Computational sustainability

From Wikipedia, the free encyclopedia

Computational sustainability is an emerging field that attempts to balance societal, economic, and environmental resources for the future well-being of humanity using methods from mathematics, computer science, and information science fields.[1][2] Sustainability in this context refers to the world's ability to sustain biological, social, and environmental systems in the long term.[2]

Using the power of computers to process large quantities of information, decision making algorithms allocate resources based on real-time information.[3] Applications advanced by this field are widespread across various areas. For example, artificial intelligence and machine learning techniques are created to promote long-term biodiversity conservation and species protection.[4][5] Smart grids implement renewable resources and storage capabilities to control the production and expenditure of energy.[6] Intelligent transportation system technologies can analyze road conditions and relay information to drivers so they can make smarter, more environmentally-beneficial decisions based on real-time traffic information.[7][8]

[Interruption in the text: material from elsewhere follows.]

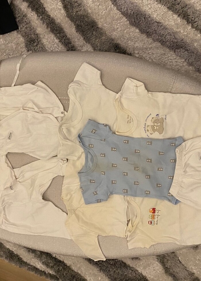 Çoklu parça, zıbın , tulum , alt ,üst , şapka , eldiven , hastane çıkışı gibi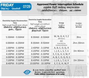 இன்று (29) வெள்ளிக்கிழமை 03 மணித்தியாலங்களுக்கு மின்வெட்டை அமுல்படுத்துவதற்கு பொது பயன்பாடுகள் ஆணைக்குழு அனுமதி வழங்கியுள்ளது.

Origins and motivations[edit]

The field of computational sustainability has been motivated by Our Common Future, a 1987 report from the World Commission on Environment and Development about the future of humanity.[9] More recently, computational sustainability research has also been driven by the United Nation's sustainable development goals, a set of 17 goals for the sustainability of human economic, social, and environmental well-being world-wide.[10] Researchers in computational sustainability have primarily focused on addressing problems in areas related to the environment (e.g., biodiversity conservation), sustainable energy infrastructure and natural resources, and societal aspects (e.g., global hunger crises).[2][11][12][4] The computational aspects of computational sustainability leverage techniques from mathematics and computer science, in the areas of artificial intelligence, machine learning, algorithms, game theory, mechanism design, information science, optimization (including combinatorial optimization), dynamical systems, and multi-agent systems.[2][5]

Biodiversity and conservation[edit]

Computational sustainability researchers have advanced techniques to combat the biodiversity loss facing the world during the current sixth extinction.[13] Researchers have created computational methods for geospatially mapping the distribution, migration patterns, and wildlife corridors of species, which enable scientists to quantify conservation efforts and recommend effective policies.[2][12][14][5]

In addition to scientific research contributions, the computational sustainability community has also contributed technologies that support citizen science conservation initiatives. An example is the creation of eBird, which enables citizens to share sightings of birds and crowd-source the creation of a global bird distribution database for researchers.[14][15] An example of successful application of eBird database is the Nature Conservancy's Bird Returns program (2013),[16] where farmers are compensated for their effort of maintaining suitable habitats for birds during the migratory periods.[17] Another example is iNaturalist which enables citizens to crowd-source the creation of databases about animals, plants, and other organisms, to support scientific research.[14]


Intelligent Transportation Systems (ITS) seek to improve safety and travel times while minimizing greenhouse gas emissions for all travelers, though focusing mainly on drivers. ITS has two systems: one for data collection/relaying, and another for data processing. Data collection can be achieved with video cameras over busy areas, sensors that detect various pieces from location of certain vehicles to infrastructure that's breaking down, and even drivers who notice an accident and use a mobile app, like Waze, to report its whereabouts.[7][18]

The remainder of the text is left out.